WHAT TO DO:
Starting at the line that contains "A zárt udvarról", transcribe each line exactly through the end of the data below, and skip any pictures.

DATA BLOCK:
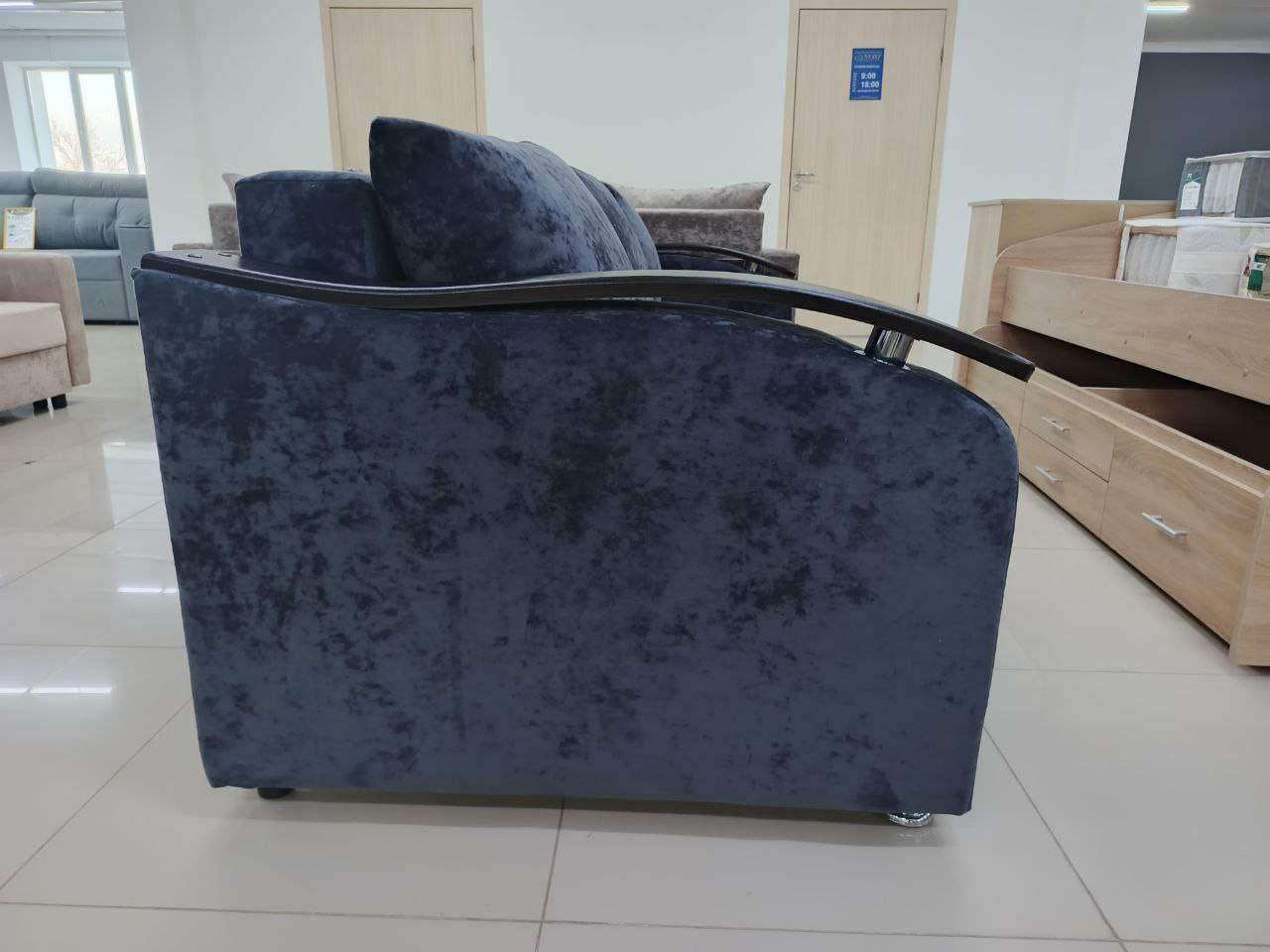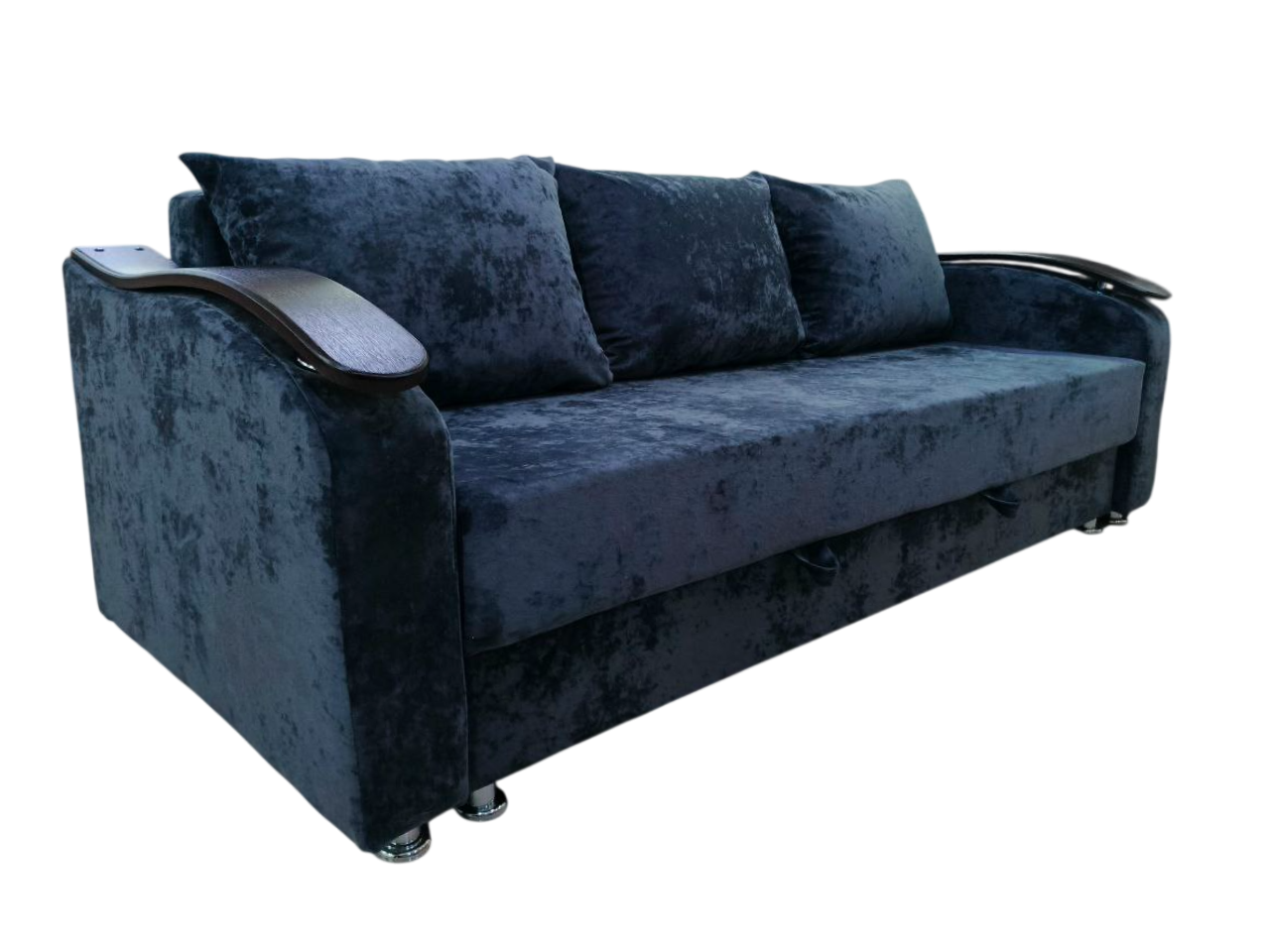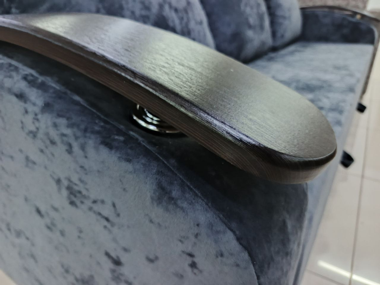 Обивка из плюша приятна на ощупь и долговечна, а подлокотники из МДФ добавляют модели элегантности.
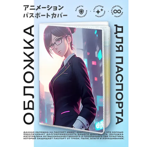 Эта обложка для паспорта выполнена из прозрачного ПВХ пластика и украшена яркой полиграфической вставкой с изображением аниме девушки в очках. Она не только защитит паспорт от повреждений, но и добавит индивидуальности владельцу. Упаковка в полипропиленовый пакет с вырубкой под еврокрючок делает её удобной для хранения или подарка. Обложка станет отличным аксессуаром для любителей аниме и стильных решений в повседневной жизни.
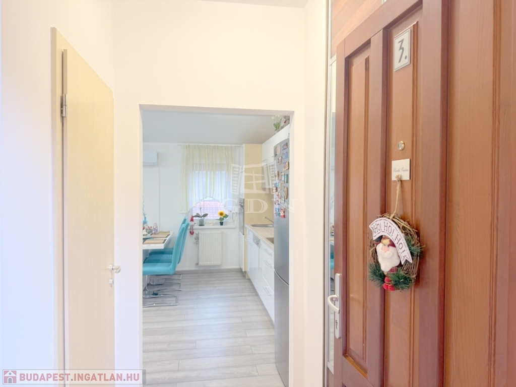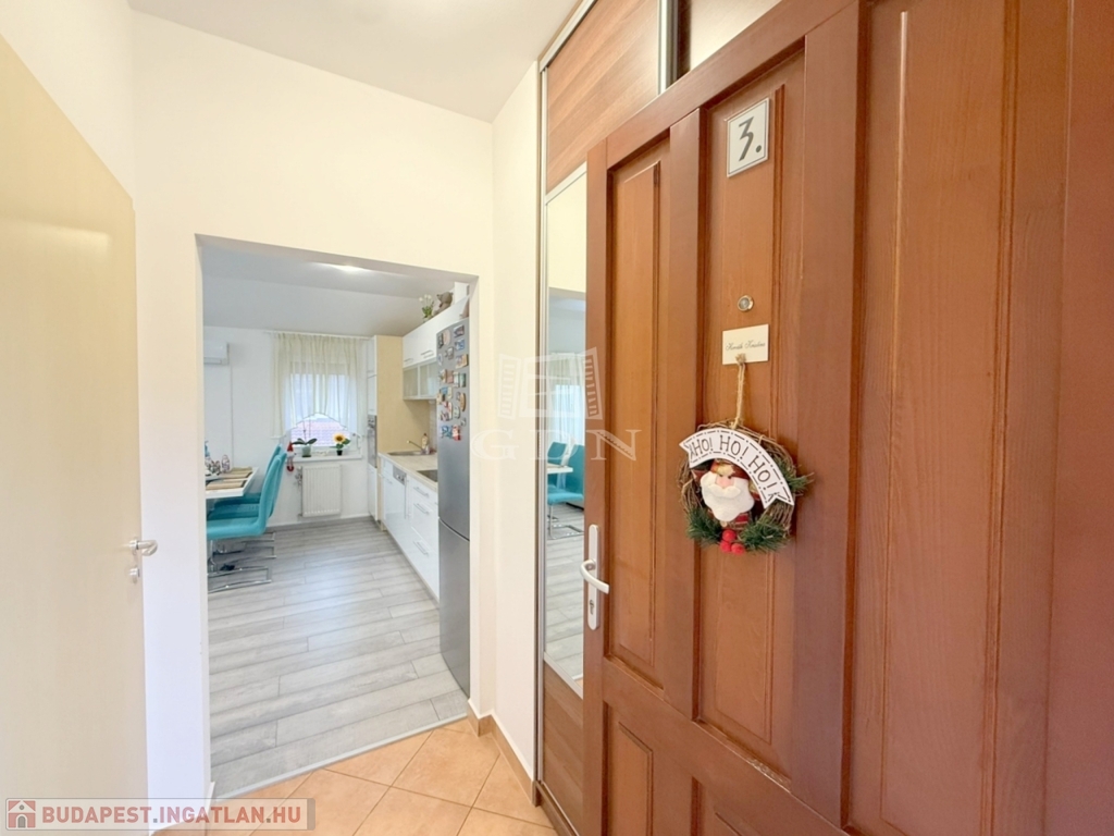 A zárt udvarról megközelíthető tégla lakás tágas terek által ad helyet egy beépített szekrénnyel ellátott előtérnek, egy nagyméretű nappali - konyha - étkező együttesnek, két külön nyíló hálónak - melyből az egyik kapcsolatos a 8 m2 - es erkéllyel, egy épített zuhanyzóval felszerelt fürdőnek, valamint egy külön helyiségben található toalettnek.
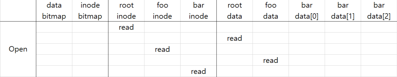 open을 하려면 root inode를 읽고, root data (directory 정보)에서 foo의 inode 위치를 알아낸다. foo에서도 마찬가지로 inode를 읽어 data를 찾고, data 내에서 bar의 위치를 찾아 bar의 inode를 읽도록 한다. (총 블럭 read 5회)

OUTPUT FOR THIS EXERCISE:
 A zárt udvarról megközelíthető tégla lakás tágas terek által ad helyet egy beépített szekrénnyel ellátott előtérnek, egy nagyméretű nappali - konyha - étkező együttesnek, két külön nyíló hálónak - melyből az egyik kapcsolatos a 8 m2 - es erkéllyel, egy épített zuhanyzóval felszerelt fürdőnek, valamint egy külön helyiségben található toalettnek.
 open을 하려면 root inode를 읽고, root data (directory 정보)에서 foo의 inode 위치를 알아낸다. foo에서도 마찬가지로 inode를 읽어 data를 찾고, data 내에서 bar의 위치를 찾아 bar의 inode를 읽도록 한다. (총 블럭 read 5회)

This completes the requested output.